Umanità Nova, numero 13 del 17 aprile 2005, Anno 85
La dottrina sociale della chiesa ha il suo inizio formale con l'enciclica Rerum Novarum, emanata da Leone XIII nel 1891.
Il documento vedeva la luce più di quarant'anni dopo l'uscita del Manifesto di Marx, vent'anni dopo la comune di Parigi e i moti insurrezionali di matrice anarchica che avevano scosso Romagna e Matese e, inoltre, in un momento di fervore insurrezionale del proletariato, che di lì a poco darà vita ai Fasci Siciliani e ai moti della Lunigiana.
La scelta rivoluzionaria del movimento operaio internazionale metteva in evidenza le contraddizioni del regime capitalista, il cui modo di produzione si basava sullo sfruttamento dei lavoratori e la ricerca del massimo profitto per i detentori del capitale.

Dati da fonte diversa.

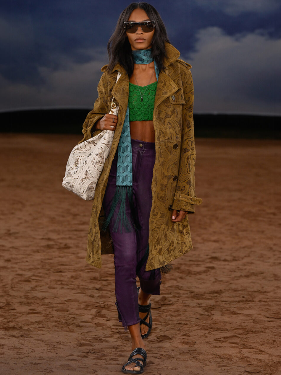 A primeira modelo aparece com um trench coat verde e amarelo de acabamento encerado, botas de cano médio e uma bolsa de camurça na mão. Daí em diante, os looks ecoam o visual de movimentos da contracultura dos anos 1960 e 70, como os hippies, os mod e até os metaleiros-raíz. Claro, a vontade é puxar para hoje os valores que esses grupos carregavam no passado, como liberdade, autenticidade e inquietação.

La stessa chiesa, però, veniva messa in discussione dall'azione operaia, che ne smascherava la contiguità della dottrina morale alle esigenze dei capitalisti, la cui opera di sfruttamento si serviva della copertura e della benedizione della gerarchica ecclesiastica che, con la sua opera pastorale diffusa attraverso la propria capillare organizzazione territoriale, invitava gli sfruttati alla rassegnazione e all'attesa di una liberazione ultraterrena.
La chiesa istituzione, quindi, avvertiva l'impellenza di una presa di posizione rispetto a istanze sociali che ne mettevano in discussione insegnamento e collocazione politica e che rischiavano di fare breccia anche tra contadini e operai cattolici, abituati a sentir parlare (sia pure in termini astratti e moralistici) di un dio che si prendeva cura dei poveri e degli ultimi e la cui volontà sembrava essere rappresentata dal movimento operaio, più che da una chiesa gerarchica coinvolta nelle dinamiche dello sfruttamento padronale.
Nella Rerum Novarum Leone XIII si preoccupava di definire i diritti "naturali" dei lavoratori consigliando ai padroni, il cui ruolo sociale era dal papa ampiamente riconosciuto e valorizzato, di trattare umanamente i propri operai. L'anticapitalismo del papa non si spingeva oltre e, soprattutto, non si sognava neppure di mettere in questione il sistema di sfruttamento dell'uomo sull'uomo; si limitava a invocare un'umanizzazione della condizione operaia completamente affidata al buon cuore dei capitalisti. Consegnava, quindi, l'agnello al lupo.
In compenso nei confronti delle organizzazioni socialiste l'anatema del papa era forte e chiaro, tanto da rendere poco credibile la tesi che vorrebbe la chiesa attestata in una posizione mediana tra capitalismo e socialismo.
Nel 1991, a due anni di distanza dal crollo del muro di Berlino, che simbolicamente aveva sancito la fine dell'esperienza del socialismo di stato, Giovanni Paolo II pubblicava la Centesimus Annus.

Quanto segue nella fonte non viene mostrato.